The total LCV market is down 5.3 per cent this year, while business and rental vehicle sales are down 8.9 and 4.9 per cent respectively.
A significant drop-off in demand for micro-cars (-33 per cent) and volume-selling light cars (-11.9 per cent), and major declines for several brands in the all-important mainstream small-car segment (-2.8 per cent overall), is also affecting Thai-built vehicle sales.
South Korean brands Hyundai and South Korea are in positive territory, but Holden – a self-declared aspiring market leader – is a major importer of Korean-built cars, most of which are performing poorly this year.
Among them, Barina, Barina Spark and Captiva 5 and 7 are down between 20 and 31 per cent this year, while the Malibu, after just over a year in the marketplace, is averaging only 164 sales a month YTD for a tiny 4.0 per cent share of its segment and seventh place on the table.
Across the Pacific, the boom in US-built vehicles extends well beyond Jeep’s status as the fastest-growing major auto brand in Australia (+43.2 per cent YTD), which is offsetting declines for Chrysler and Dodge but also points to strong demand for SUVs and America’s increasing importance as a manufacturing hub for these – and other primarily US-targeted – vehicles.
That Mercedes-Benz and BMW SUV sales are going from strength to strength is pushing up the US-built vehicle sales numbers in Australia – a trend that will continue as both brands enter new SUV segments and increase capacity at their North American factories – while others including Toyota (with Kluger) and Nissan (with Pathfinder) are also now adding volume to the US ledger.
Expect much more volume from North America in the years ahead as the world’s major car companies continue to invest there.
There is a Ford Mustang on its way, and an Edge SUV to come from Canada when the locally built Territory reaches the end of the line in conjunction with the closure of Ford’s Australian manufacturing operations in 2016.

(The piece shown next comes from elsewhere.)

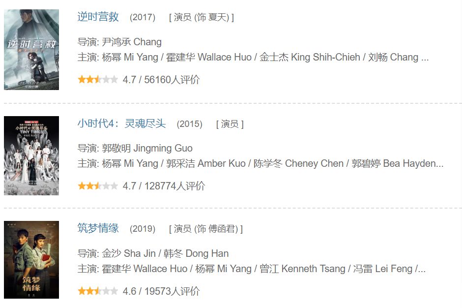 最后的结果自然是大部分片子在豆瓣都没有及格,只余她空口喊出的那句“我要做人民的演员”。

Holden, too, is expected to look Stateside for replacements of its Australian-built large models once it closes its factories here in 2017, and while Thailand might be the obvious source for Camry when Toyota pulls out at the same time, who’s to say that it won’t come out of Kentucky?These questions will be answered before too long, but significant change is already upon us in Australia – not just in terms of the brands consumers favour, but where their cars are built.